In June 2009, petitioners terminated Liker's services and averred that the service agreements were void under Business and Professions Code section 6147.
Petitioners sought summary adjudication on Liker's claims, with the exception of his claims for recovery in quantum meruit. They maintained that the agreements were void under section 6147 for want of a statutorily required statement, namely, that the success fees were "not set by law but [were] negotiable between attorney and client" (§ 6147, subd. (a)(4)). In denying summary adjudication, the trial court relied on Franklin v. Appel (1992) 8 Cal.App.4th 875, 892 [10 Cal.Rptr.2d 759] (Franklin), in which the appellate court concluded that the then effective version of section 6147 was inapplicable to "contingency fee agreements outside the litigation context." (8 Cal.App.4th at p. 892.) On June 23, 2010, petitioners filed their petition for writ of mandate, prohibition, or other appropriate relief. We issued an alternative writ of mandate and temporary stay on September 1, 2010.
Petitioners contend that the trial court erred in denying summary adjudication. We agree.
"An order denying a motion for summary adjudication may be reviewed by way of a petition for writ of mandate. [Citation.] Where the trial court's denial of a motion for summary judgment will result in trial on nonactionable claims, a writ of mandate will issue. [Citations.] Likewise, a writ of mandate may issue to prevent trial of nonactionable claims after the erroneous denial of a motion for summary adjudication, [¶] Since a motion for summary judgment or summary adjudication `involves pure matters of law,' we review a ruling on the motion de novo to determine whether the moving and opposing papers show a triable issue of material fact. [Citations.] Thus, the appellate court need not defer to the trial court's decision. `"We are not bound by the trial court's stated reasons, if any, supporting its ruling; we review the ruling, not its rationale."' [Citation.]" (Travelers Casualty & Surety Co. v. Superior Court (1998) 63 Cal.App.4th 1440, 1450 [75 Cal.Rptr.2d 54], fn. omitted.)
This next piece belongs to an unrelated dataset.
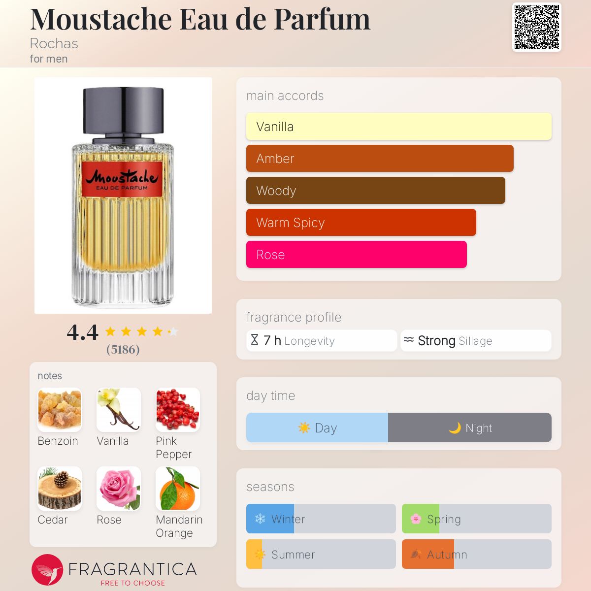 Moustache Eau de Parfum by Rochas is an Oriental Woody fragrance for men. Moustache Eau de Parfum was launched in 2018. The nose behind this fragrance is Natalie Gracia-Cetto. Top notes are Pink Pepper and Mandarin Orange; middle notes are Atlas Cedar and Bulgarian Rose; base notes are Benzoin, Vanilla, and Patchouli. (Fragrantica.com)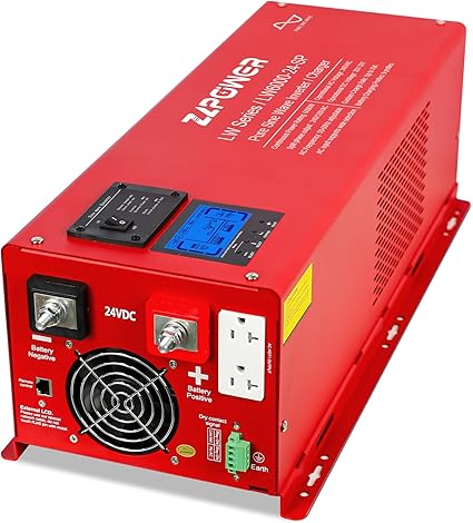 - 🌞💡【ZLPOWER 6000W DC 24V Pure Sine Wave Inverter】: Powerful 6000W inverter charger with 18000W surge power for 20 seconds. 24V & 220-240V input, 110-120V/220-240V split phase output pure sine wave. Comes with 90A battery charger, 30A transfer switch, and a handy remote control with LCD display and battery temperature sensor.

Section 6147 belongs to a trio of related statutes governing fee contracts between lawyers and their clients.
We begin by examining the trial court's ruling. In seeking summary adjudication, petitioners argued that both fee agreements were voidable at their option under section 6147, subdivision (b), because the agreements lacked the statement mandated in section 6147, subdivision (a)(4). The trial court denied summary adjudication on a ground neither raised nor briefed by the parties, reasoning that the fee agreements fell outside section 6147 because they "contemplate[] payment for savings from tax-related services."
The denial of summary adjudication cannot be affirmed on the basis of Franklin. As then effective, former section 6147 stated in subdivision (a) that it applied when "[a]n attorney who contracts to represent a plaintiff on a contingency fee basis" (italics added); in addition, section 6147 contained numerous references to the client as a "plaintiff."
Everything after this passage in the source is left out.